___ INFORMATION

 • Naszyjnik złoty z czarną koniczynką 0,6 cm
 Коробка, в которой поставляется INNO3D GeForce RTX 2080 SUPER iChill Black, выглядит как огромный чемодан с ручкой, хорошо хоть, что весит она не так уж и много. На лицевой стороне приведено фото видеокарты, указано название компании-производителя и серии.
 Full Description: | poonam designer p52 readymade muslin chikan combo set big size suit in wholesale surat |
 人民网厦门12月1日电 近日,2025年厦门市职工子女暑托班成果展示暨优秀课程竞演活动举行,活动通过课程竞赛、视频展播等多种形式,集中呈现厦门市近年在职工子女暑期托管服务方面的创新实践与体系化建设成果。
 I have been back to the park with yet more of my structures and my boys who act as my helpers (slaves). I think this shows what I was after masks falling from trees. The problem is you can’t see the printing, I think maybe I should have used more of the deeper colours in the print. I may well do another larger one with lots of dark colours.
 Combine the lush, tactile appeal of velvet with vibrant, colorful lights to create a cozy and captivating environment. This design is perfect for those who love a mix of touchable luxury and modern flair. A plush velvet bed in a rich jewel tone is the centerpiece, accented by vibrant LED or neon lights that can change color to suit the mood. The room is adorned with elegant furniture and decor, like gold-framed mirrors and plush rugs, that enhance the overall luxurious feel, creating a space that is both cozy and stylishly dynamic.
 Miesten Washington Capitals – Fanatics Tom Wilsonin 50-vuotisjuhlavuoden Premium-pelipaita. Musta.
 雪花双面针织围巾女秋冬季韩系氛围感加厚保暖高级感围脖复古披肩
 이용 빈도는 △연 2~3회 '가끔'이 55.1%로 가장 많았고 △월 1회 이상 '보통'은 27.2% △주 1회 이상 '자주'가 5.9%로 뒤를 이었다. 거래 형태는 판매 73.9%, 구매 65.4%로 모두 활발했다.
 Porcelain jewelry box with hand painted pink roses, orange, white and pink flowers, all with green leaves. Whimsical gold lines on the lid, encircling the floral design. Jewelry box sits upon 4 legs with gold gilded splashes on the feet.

______

TASK ITEM
Write out the entries verbatim, all of them.

ANSWER BOX
 • Naszyjnik złoty z czarną koniczynką 0,6 cm
 Коробка, в которой поставляется INNO3D GeForce RTX 2080 SUPER iChill Black, выглядит как огромный чемодан с ручкой, хорошо хоть, что весит она не так уж и много. На лицевой стороне приведено фото видеокарты, указано название компании-производителя и серии.
 Full Description: | poonam designer p52 readymade muslin chikan combo set big size suit in wholesale surat |
 人民网厦门12月1日电 近日,2025年厦门市职工子女暑托班成果展示暨优秀课程竞演活动举行,活动通过课程竞赛、视频展播等多种形式,集中呈现厦门市近年在职工子女暑期托管服务方面的创新实践与体系化建设成果。
 I have been back to the park with yet more of my structures and my boys who act as my helpers (slaves). I think this shows what I was after masks falling from trees. The problem is you can’t see the printing, I think maybe I should have used more of the deeper colours in the print. I may well do another larger one with lots of dark colours.
 Combine the lush, tactile appeal of velvet with vibrant, colorful lights to create a cozy and captivating environment. This design is perfect for those who love a mix of touchable luxury and modern flair. A plush velvet bed in a rich jewel tone is the centerpiece, accented by vibrant LED or neon lights that can change color to suit the mood. The room is adorned with elegant furniture and decor, like gold-framed mirrors and plush rugs, that enhance the overall luxurious feel, creating a space that is both cozy and stylishly dynamic.
 Miesten Washington Capitals – Fanatics Tom Wilsonin 50-vuotisjuhlavuoden Premium-pelipaita. Musta.
 雪花双面针织围巾女秋冬季韩系氛围感加厚保暖高级感围脖复古披肩
 이용 빈도는 △연 2~3회 '가끔'이 55.1%로 가장 많았고 △월 1회 이상 '보통'은 27.2% △주 1회 이상 '자주'가 5.9%로 뒤를 이었다. 거래 형태는 판매 73.9%, 구매 65.4%로 모두 활발했다.
 Porcelain jewelry box with hand painted pink roses, orange, white and pink flowers, all with green leaves. Whimsical gold lines on the lid, encircling the floral design. Jewelry box sits upon 4 legs with gold gilded splashes on the feet.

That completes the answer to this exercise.